# Figuring out cost to extend electric lines?



## CountryGoalie (Aug 31, 2004)

Okay, I've been trying to Google for the information I'm looking for, but I just must not be phrasing it correctly...

I'm trying to find out the cost to extend electric service down a rural road... it already goes about 1/8th of a mile down the road, and I'd like to find out how much it would cost to extend it another 1/8th to a 1/4 of a mile down the road, but I'm just not sure how to go about researching it. Any tips?

Also, anyone know of any good websites that can help me figure out how many solar panels would be needed to power a certain sq. footage, so I can compare that cost to the cost of extending power lines?

THank you!


----------



## Billin (Nov 24, 2009)

If this is a public road, you will need to contact your utility because they can utilize the right of way and you probably can't. In fact you probably can't do it yourself anyway. Voltage drop at 240V or working with 7,200V or higher are generally prohibitive. Setting a transformer and 7,200 feed 1/8 of a mile long done by a utility can run about $2,300 in some instances. Your area and circumstnces may vary-


----------



## WisJim (Jan 14, 2004)

Is this the utility line that you are extending, or your own lines? If your own, you need to figure the materials needed and add it up. If you aren't familiar enough with electrical work to do that, ask an electrician for an estimate.

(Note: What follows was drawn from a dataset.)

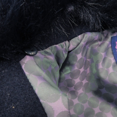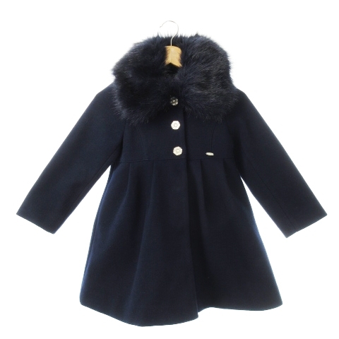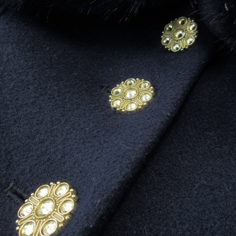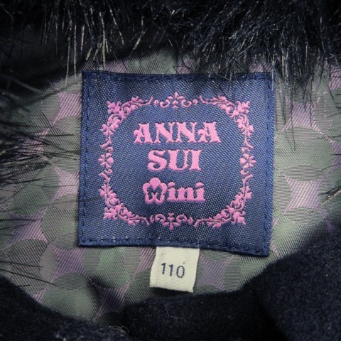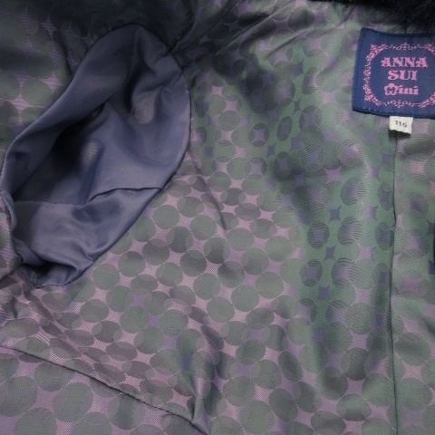 アナスイ ANNA SUI mini ステンカラーコート ファーカラー ラインストーンボタン ロゴプレート ガール 女の子 110 紺 ネイビー

How many solar panels to power so many square feet? Not possible to answer. You need to figure out the electrical use in kilowatt hours per month or year, and then you can estimate the wattage output of panels needed.


----------



## texican (Oct 4, 2003)

Forget the research... unless your electric provider posts the information online, it's useless. Each provider has different rules. If it's a co-op it might cost you nothing. We have a rural co-op here, and they charge nothing to go down public r.o.w.'s and will run 1000 feet for free.

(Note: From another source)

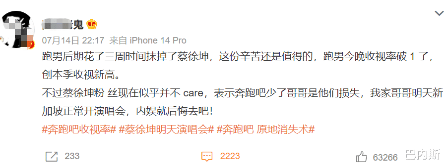 比起网上的乐子人,最关心蔡徐坤的还有他的粉丝们,在节目开播前粉丝已经有了两套说辞,一套是蔡徐坤没有被删那么就会夸赞节目慧眼识珠,一套是看到蔡徐坤被消失处理后,声称如果没有蔡徐坤参加,就没人看节目,还说蔡徐坤在15号正常举办演唱会,内娱损失蔡徐坤后悔去吧!

If I was wanting power to an outbuilding, and I had power already, I'd save the fortune it'd cost to run your own wire, and simply have another account set up. Here, it's only like 8 or 9 bucks a month. Copper wire gets prohibitively expensive when you have to buy the large gauge wire... even short runs will eat you alive. Long ones, forget about it.


----------



## Navotifarm (Dec 16, 2009)

If I were you, I'd call the local power company to set up an appointment. That worked for me. I had a meeting with an engineer. I brought my plat. She had some kind of calipers so was able very accurately to calculate the distance from the nearest power pole. When time came to extend power lines to me, they did so underground (quite a surprise). FREE!


----------



## ronbre (Apr 26, 2009)

we nearly bought a home one time that needed the electricity extended to where it was..and that was the reason no one was buying it, it was going to be thousands of $ to get electricity to it..so no one wanted it..it was a beautiful new home..but the electricity to reach it was just not going to happen


----------



## Qhorseman (Jul 9, 2010)

our co-op charges $750 per pole, central MO


----------



## TnAndy (Sep 15, 2005)

And our charges 1,000...now.......but years ago when I had it run up to my place, ( took 7 poles and 1/2 mile of line ), all I had to do was agree to buy power for 3 years at some minimum rate.

As texican quite rightly pointed out, it's going to vary with EVERY SINGLE power distributor.....from free to DANG expensive.....so you might as well forget the internet research and truck on down to your power distributor and start asking "how much"


----------



## artificer (Feb 26, 2007)

TnAndy said:


> ...
> As texican quite rightly pointed out, it's going to vary with EVERY SINGLE power distributor.....from free to DANG expensive.....so you might as well forget the internet research and truck on down to your power distributor and start asking "how much"


We had the "DANG expensive" quote of $12k for 1,200 feet. If you price out just the wire, you're probably talking $4-$5/ft just for the wire alone. (scrounging can save a LOT, but if they install it, they'll use new/off the shelf)

Michael


----------



## wy_white_wolf (Oct 14, 2004)

All depends on the rules of your local power company. They wanted (8 years ago) $7500 to run power about 1/4 mile to where I'm building the cabin. That was because it wasn't considered a full time residence. 

Now if I was building a house to live in full time the cost to me would have been zero.

You'll need to contact them. Also having the array far away form the residence may not do any good. Some power companies require the hook to be the same one that the house uses for net metering.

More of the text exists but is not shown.